Depuis ces longues années de pratiques, de cheminement et d’exploration dans ce vaste paysage (la peinture), sa géographie m’échappe encore. Son territoire file et se dérobe à toute toponymie, à toute topographie. Aller vers la peinture, c’est parcourir un chemin qui s’ouvre à mesure que l’on avance, c’est aller, vers là où l’on ne sait pas.
La peinture je la vole, je la détourne ici ou là quand je sens qu’elle m’appartient. C’est une sorte d’identification, comme voir à la dérobée le reflet inquiétant de son visage.

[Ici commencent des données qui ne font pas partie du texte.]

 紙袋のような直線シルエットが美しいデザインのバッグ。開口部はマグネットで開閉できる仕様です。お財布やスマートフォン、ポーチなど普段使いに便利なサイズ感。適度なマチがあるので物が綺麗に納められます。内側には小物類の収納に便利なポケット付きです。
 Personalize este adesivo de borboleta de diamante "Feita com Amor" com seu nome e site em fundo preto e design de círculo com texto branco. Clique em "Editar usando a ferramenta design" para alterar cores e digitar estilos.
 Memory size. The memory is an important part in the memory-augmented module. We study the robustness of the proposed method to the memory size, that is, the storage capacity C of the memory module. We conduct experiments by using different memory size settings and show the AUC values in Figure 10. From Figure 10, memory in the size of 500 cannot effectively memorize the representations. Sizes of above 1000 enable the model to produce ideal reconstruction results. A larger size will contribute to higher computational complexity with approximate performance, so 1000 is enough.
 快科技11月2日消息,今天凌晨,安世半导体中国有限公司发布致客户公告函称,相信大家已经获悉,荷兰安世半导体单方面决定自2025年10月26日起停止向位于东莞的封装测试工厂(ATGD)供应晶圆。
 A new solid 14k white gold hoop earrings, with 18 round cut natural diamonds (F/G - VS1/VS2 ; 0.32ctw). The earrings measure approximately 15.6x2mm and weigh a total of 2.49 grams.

Ces problématiques sont au cœur de mon travail de peintre. Je les développe sur la totalité des thématiques que je mets en œuvre dans les séries que je produis.
J’interroge notamment la figure classique du portrait dans la série des gueules cassées et des soldats debout ces pièces s’inscrivent dans un cycle consacré à la guerre de 14.
S’ajoute à celui-ci une série de paysages appelés no man’s land.

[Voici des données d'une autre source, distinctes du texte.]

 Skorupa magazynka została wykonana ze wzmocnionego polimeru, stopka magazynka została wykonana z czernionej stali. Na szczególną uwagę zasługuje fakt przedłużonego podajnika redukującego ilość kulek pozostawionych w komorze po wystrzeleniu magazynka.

L’idée est d’interroger l’universalité de la représentation et de l’image au travers du temps et des cultures.
La variété des signifiants produit cet écart dont parle François Julien, il permet véritablement de poser la question de l’essence de la peinture. Ces interrogations sont mises à l’épreuve par de nombreux biais, particulièrement en rapport avec la construction de l’espace dans la relation entre fond et figure, par l’analyse des couleurs, réelles et symboliques, entre le réel et l’allusif, le formel et l’informel, la matière et le lisse, etc.
La liste pourrait être longue, nous pourrions augmenter cette étude de l’ensemble des constituants de la peinture. Interroger aussi leur mise en œuvre pour en observer dans les productions tous les écarts sémantiques.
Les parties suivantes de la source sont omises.